文惜月慢慢走着,笑着说道:“要是长公主宫变成功,我们就可以杀了陛下,以后继续好好生活。要是长公主失败了,我们肯定也活不了,到时候,是不是就可以去见我们爹娘了?”
文惜月安静片刻,看着远处的青山,轻声说了句:“萧晏,我真的好想我爹娘啊。

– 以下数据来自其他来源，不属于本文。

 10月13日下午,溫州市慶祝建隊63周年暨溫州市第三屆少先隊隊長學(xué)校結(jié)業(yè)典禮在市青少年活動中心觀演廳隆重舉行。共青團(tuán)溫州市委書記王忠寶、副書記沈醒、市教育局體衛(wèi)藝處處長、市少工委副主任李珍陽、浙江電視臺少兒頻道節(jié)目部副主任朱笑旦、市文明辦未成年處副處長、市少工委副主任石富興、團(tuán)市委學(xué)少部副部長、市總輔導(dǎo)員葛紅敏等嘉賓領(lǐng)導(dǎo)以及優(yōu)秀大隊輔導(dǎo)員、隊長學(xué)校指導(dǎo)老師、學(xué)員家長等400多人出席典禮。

”
其实……她从来都没有走出父母离世的痛苦。
在很多很多时候,文惜月都是强撑着,不想让别人看出她的痛苦和绝望,也不想别人来承担她的悲伤。
那是她的爹娘啊……
一夜之间双亲被杀,文惜月怎么可能不去报仇?怎么会不恨透了皇帝?
要是去世能见到爹娘……或许也是好结果吧。
文惜月垂下眼眸,努力平复自己的情绪,对外要表现得坚强冷静,就像她擅长的那样。
可这一刻,她突然落到了一个温暖的怀抱里。
“难过就哭吧,不要忍着。”萧晏温柔的声音传来,像是承接住了她所有的情绪。
文惜月把头埋在他肩上,眼眶有些酸,可眼泪最终没有落下。
她摇摇头,轻声道:“我不哭。”
萧晏松开她,温柔看着她眼睛,笑道:“文惜月,要是我们去了黄泉,见到我爹娘,他们肯定很喜欢你,这么聪明漂亮,还很会读书写文章。”

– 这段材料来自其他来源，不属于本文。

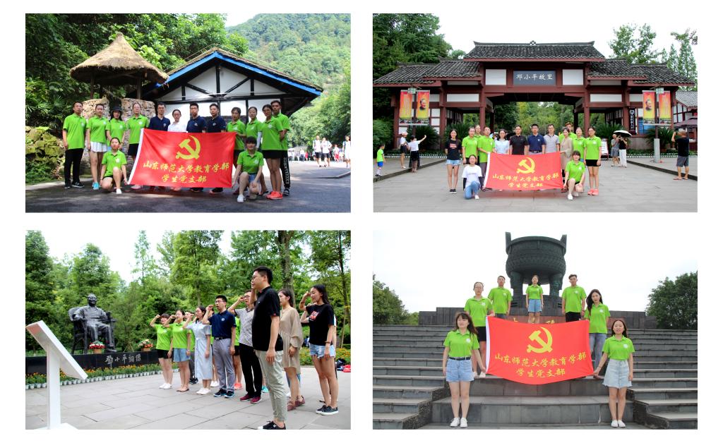 11日,考察队一行前往华蓥山。茂密的植被与绮丽的岩溶景观在令人惊叹的同时,更书写了感人的红色历史与英雄史诗。在参观了华蓥山游击队等系列红色景点,深刻全面了解到华蓥山红岩精神之后,学部党委副书记陈正感叹道:“对同学们来说,这不仅是一次生动难忘的爱国主义教育,更是一次践行'不忘初心,牢记使命'信念的行动。”当日下午,学生党支部考察团走进邓小平同志的故乡,去往邓小平铜像广场。队员们怀着无比崇敬的心情瞻仰了铜像,并重温入党誓词,接受了青年党员的思想觉悟教育。随后,师生们在小平故居陈列馆中参观了各类文献资料,团队成员深刻感受到了小平同志为中国革命、建设和改革事业不懈奋斗的光辉一生,受到一次深刻的革命理想信念教育。本次活动也激励着全体师生开拓进取、勇于创新的意志决心。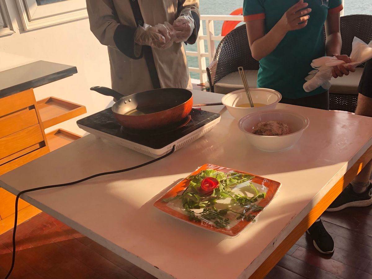 船に戻り今度はクッキングタイム。ベトナム料理体験です。下準備されているので、魚のすり身を丸めて油であげるだけ。ガイドさんとシェフの説明を聞きながら、揚がったら実食。これも美味しかったです。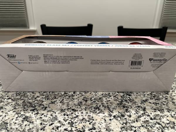 General Mills Character Glass Set Set of 4, 16 oz. Glasses By: Funko - Count Chocula - Boo Berry - Franken Berry - All 3 Characters on One Glass New in Box In Person, Cash Sale Only Must Pick-Up, No...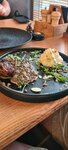 Антрекот с тушеной капустой и угольным картофелем

“我娘可能还会问,萧家祖坟是不是着火了,才让我娶到了你做夫人。”
文惜月轻轻笑了笑:“你娘……应该是个很有趣的人。”
“嗯,她性子很好,开朗活泼,看起来一点也不像……有先天心疾的样子。”萧晏说着说着,不知为何,情绪也低落了一瞬。
文惜月看着他,大方张开手臂:“你想哭吗?可以在我怀里哭。”
萧晏不禁又笑了一下,摸了摸文惜月的头:“我们都不哭,以后都开心地生活,好不好?”
“好。”文惜月点了点头。
两人又在湖边继续走着,慢慢散步。
“对了。”
萧晏突然有些紧张:“你爹娘会喜欢我吗?要是真的在黄泉那边见面,我要不要表现得好一点?”
文惜月笑了:“他们应该会喜欢你,你可是镇西将军,保家卫国,但你别说小时候总是逃学的事,我爹娘以前都不让我和这些小孩玩。”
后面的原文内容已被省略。